+++ Provided records

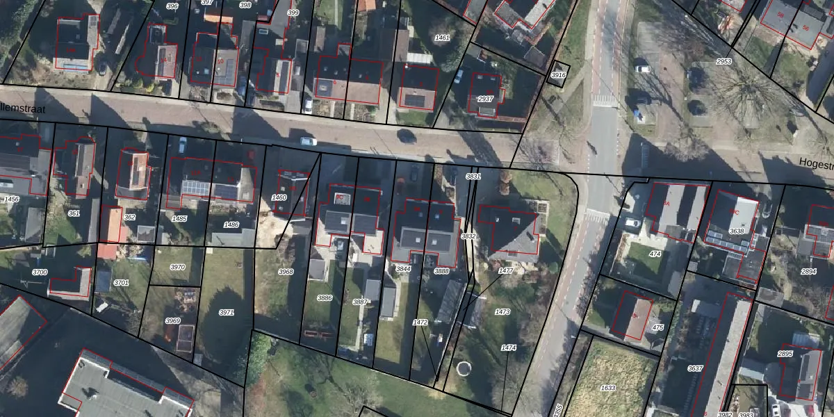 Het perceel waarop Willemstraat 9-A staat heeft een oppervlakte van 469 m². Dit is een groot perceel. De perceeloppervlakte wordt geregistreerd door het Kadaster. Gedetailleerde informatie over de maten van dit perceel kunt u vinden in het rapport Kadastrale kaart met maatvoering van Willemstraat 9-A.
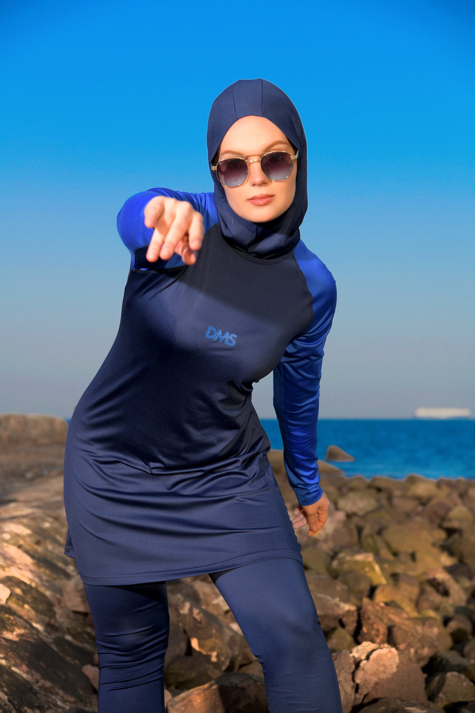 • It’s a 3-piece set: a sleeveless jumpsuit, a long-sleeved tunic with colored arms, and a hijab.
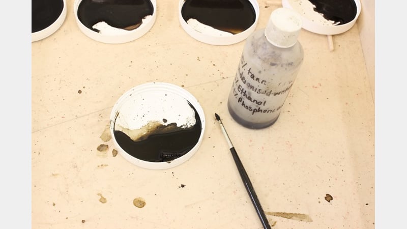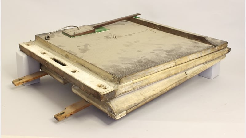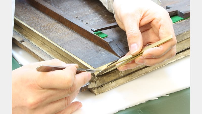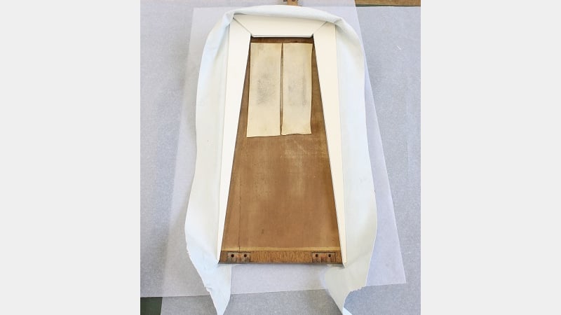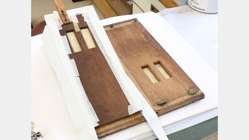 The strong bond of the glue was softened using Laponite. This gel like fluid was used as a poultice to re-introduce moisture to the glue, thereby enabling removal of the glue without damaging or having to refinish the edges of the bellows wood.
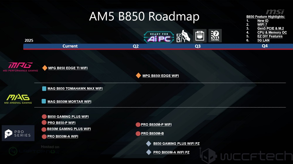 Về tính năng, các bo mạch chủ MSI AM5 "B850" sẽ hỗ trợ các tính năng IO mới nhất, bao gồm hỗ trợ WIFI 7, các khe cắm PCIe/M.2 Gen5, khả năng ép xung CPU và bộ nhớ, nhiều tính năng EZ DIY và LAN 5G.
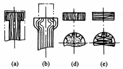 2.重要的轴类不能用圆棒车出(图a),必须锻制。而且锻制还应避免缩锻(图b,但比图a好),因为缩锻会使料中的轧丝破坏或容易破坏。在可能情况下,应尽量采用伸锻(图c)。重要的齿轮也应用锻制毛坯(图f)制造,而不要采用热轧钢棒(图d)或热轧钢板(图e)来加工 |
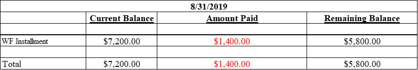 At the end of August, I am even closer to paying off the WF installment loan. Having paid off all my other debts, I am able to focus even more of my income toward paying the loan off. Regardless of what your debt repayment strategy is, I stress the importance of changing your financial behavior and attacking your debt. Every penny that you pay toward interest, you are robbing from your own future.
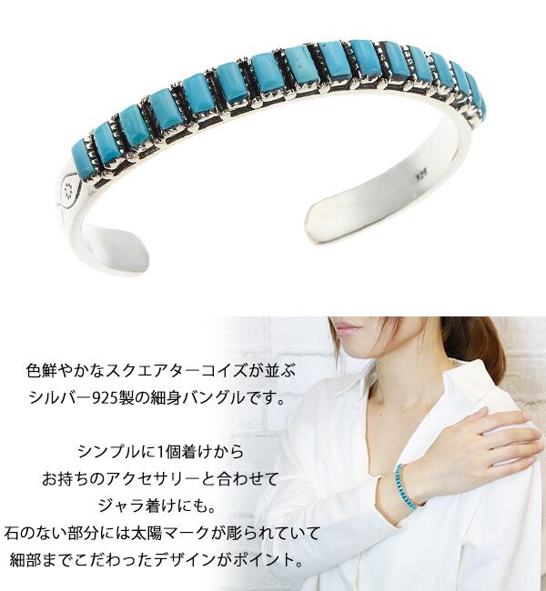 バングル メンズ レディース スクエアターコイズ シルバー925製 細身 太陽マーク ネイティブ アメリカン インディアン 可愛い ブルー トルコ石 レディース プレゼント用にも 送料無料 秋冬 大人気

++++++

* _What is required_
Repeat the records above verbatim, dropping the pictures.

* _Solution for this exercise_
 Het perceel waarop Willemstraat 9-A staat heeft een oppervlakte van 469 m². Dit is een groot perceel. De perceeloppervlakte wordt geregistreerd door het Kadaster. Gedetailleerde informatie over de maten van dit perceel kunt u vinden in het rapport Kadastrale kaart met maatvoering van Willemstraat 9-A.
 • It’s a 3-piece set: a sleeveless jumpsuit, a long-sleeved tunic with colored arms, and a hijab.
 The strong bond of the glue was softened using Laponite. This gel like fluid was used as a poultice to re-introduce moisture to the glue, thereby enabling removal of the glue without damaging or having to refinish the edges of the bellows wood.
 Về tính năng, các bo mạch chủ MSI AM5 "B850" sẽ hỗ trợ các tính năng IO mới nhất, bao gồm hỗ trợ WIFI 7, các khe cắm PCIe/M.2 Gen5, khả năng ép xung CPU và bộ nhớ, nhiều tính năng EZ DIY và LAN 5G.
 2.重要的轴类不能用圆棒车出(图a),必须锻制。而且锻制还应避免缩锻(图b,但比图a好),因为缩锻会使料中的轧丝破坏或容易破坏。在可能情况下,应尽量采用伸锻(图c)。重要的齿轮也应用锻制毛坯(图f)制造,而不要采用热轧钢棒(图d)或热轧钢板(图e)来加工 |
 At the end of August, I am even closer to paying off the WF installment loan. Having paid off all my other debts, I am able to focus even more of my income toward paying the loan off. Regardless of what your debt repayment strategy is, I stress the importance of changing your financial behavior and attacking your debt. Every penny that you pay toward interest, you are robbing from your own future.
 バングル メンズ レディース スクエアターコイズ シルバー925製 細身 太陽マーク ネイティブ アメリカン インディアン 可愛い ブルー トルコ石 レディース プレゼント用にも 送料無料 秋冬 大人気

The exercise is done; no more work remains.